Calling this situation a supply chain attack is like saying you were victim of a "ethanol consumption attack" when you get drunk from drinking too many beers.
It's called a supply chain attack to displace the blame on the profitable organization that negligently uses this code onto the unpaid developers who lost control of it.
As if expecting lone OSS developers that you don't donate any money towards somehow being able to stand up against the attacks of nation states is a rational position to take.
In this case, the developer sold the user account & repository for money (no ownership change to monitor).. so if you were not privy to that transaction, you really couldn't "easily" avoid this without e.g. forking every repo you depend on and bringing it in house or some other likely painful defense mechanism to implement
That’s why businesses pay Redhat, Qt, Unity,… Clear contracts that reduces the risk of compromised dependencies. Or you vet your dependencies (it helps when you don’t have a lot)
What good does this comment do beside allow you to gloat and put others down? Like, Christ. Are you telling me that you’d ever speak this way to someone in person?
I have no doubt that every single person in this thread understands what a supply chain attack is.
You are arguing over semantics in an incredibly naive way. Trust relationships exist both in business and in society generally. It’s worth calling out attacks against trust relationships as what they are: attacks.
The first time a user, who uses a phone, open a website through an ads ( google ads or facebook ) with this link, it will redirect user to a malicious website.
Request for the first time from a unique IP, with a unique User-Agent.
User-Agent match that of a phone, we used an iphone's user agent ( Mozilla/5.0 (iPhone14,2; U; CPU iPhone OS 14_0 like Mac OS X) AppleWebKit/602.1.50 (KHTML, like Gecko) Version/10.0 Mobile/15E148 Safari/602.1 ).

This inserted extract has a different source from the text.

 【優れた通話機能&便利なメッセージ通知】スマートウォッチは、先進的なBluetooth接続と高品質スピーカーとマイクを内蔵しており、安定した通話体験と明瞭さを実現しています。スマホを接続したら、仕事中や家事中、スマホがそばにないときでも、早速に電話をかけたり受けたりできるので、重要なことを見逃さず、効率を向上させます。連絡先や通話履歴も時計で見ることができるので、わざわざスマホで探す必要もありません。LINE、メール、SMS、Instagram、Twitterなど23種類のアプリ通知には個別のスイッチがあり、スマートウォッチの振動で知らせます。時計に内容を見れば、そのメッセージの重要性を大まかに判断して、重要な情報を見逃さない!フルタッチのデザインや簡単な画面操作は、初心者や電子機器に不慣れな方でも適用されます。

Referer from a reputable website that installed polyfill.
Accept /
Accept-Encoding gzip, deflate, br, zstd
Delete all cookies
The request will return the original polyfill code, appended with a piece of malicious code. This code will make a run javascript from https://www.googie-anaiytics.com/ga.js , if the device is not a laptop. You can reproduce this multiple time on the same machine by changing User agent gently, (ex: change Mozilla/5.0 to Mozilla/6.0). Sometimes the server will just timeout or return code without the injection, but it should work most of the time.
The javascript on https://www.googie-anaiytics.com/ga.js will redirect users to a malicious website based on some condition check for a number of conditions before running ( useragent, screen width, ...) to ensure it is a phone, the entry point is at the end:
The code has some protection built-in, so if it is run on a non-suitable environment, it will attempt to relocate a lot of memory to freeze the current devices. It also re-translate all attribute name access with _0x42bcd7 .

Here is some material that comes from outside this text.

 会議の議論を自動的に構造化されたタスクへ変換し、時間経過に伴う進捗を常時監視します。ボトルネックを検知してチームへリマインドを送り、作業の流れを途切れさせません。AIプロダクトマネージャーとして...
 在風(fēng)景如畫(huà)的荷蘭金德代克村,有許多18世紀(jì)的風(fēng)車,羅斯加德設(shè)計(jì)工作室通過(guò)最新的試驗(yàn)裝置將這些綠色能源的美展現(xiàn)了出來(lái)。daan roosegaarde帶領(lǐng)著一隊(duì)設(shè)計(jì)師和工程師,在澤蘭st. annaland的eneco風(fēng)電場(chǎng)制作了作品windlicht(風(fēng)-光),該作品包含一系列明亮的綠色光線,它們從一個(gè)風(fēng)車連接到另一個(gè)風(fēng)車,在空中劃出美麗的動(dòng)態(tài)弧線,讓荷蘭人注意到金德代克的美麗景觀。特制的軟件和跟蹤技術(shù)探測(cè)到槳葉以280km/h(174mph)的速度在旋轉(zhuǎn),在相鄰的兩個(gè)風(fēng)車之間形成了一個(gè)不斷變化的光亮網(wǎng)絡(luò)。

This was obviously written by a JS beginner (ex: basic mistake on the "missing" function, the author thinks that `this` refers to the function?, same about the `undefined` implicit global assignment..)
When you are selling an open source project, what outcome do you expect? People who are interested in the project non-financially will demonstrate their value in other ways (PRs, reviews, docs, etc) leading to the more common succession of maintainers without exchanging money. I don't think it's reasonable for software authors, who take the route of giving their projects to buyers rather than top contributors, to act surprised when the consequences roll in.
Is this save once more because it moved back to Cloudflare?
;; QUESTION SECTION:
;cdn.polyfill.io. IN A
;; ANSWER SECTION:
cdn.polyfill.io. 553 IN CNAME cdn.polyfill.io.cdn.cloudflare.net.
cdn.polyfill.io.cdn.cloudflare.net. 253 IN A 172.67.209.56
cdn.polyfill.io.cdn.cloudflare.net. 253 IN A 104.21.23.55
Or is Cloudflare warning about this and hosting the attack site?
It is still not safe. The new owner is using Cloudflare as a CDN to appear more legitimate, but the responses are still fully controlled by the malicious backend.
This has been the case since the end of February.
The justified in "justified exceptions" is important. Whenever I review CSP additions I ask the following questions
- do we have a trust relationship with the vendor
- is it strictly required
- what are the alternatives
- blast radius
Adding script-src has a pretty high blast-radius. There is no relationship with an unpaid CDN. Alternatives can be vendoring a static polyfill script, or just fixing a few functions manually, depending on desired level of browser support.
So it would not have passed.
Adding an exception for 3rd-party images would have to clear a much lower bar for example but even there GDPR or information leakage could be a concern.
CSP changes are just a great point to stop and think about how the frontend interacts with the rest of the world.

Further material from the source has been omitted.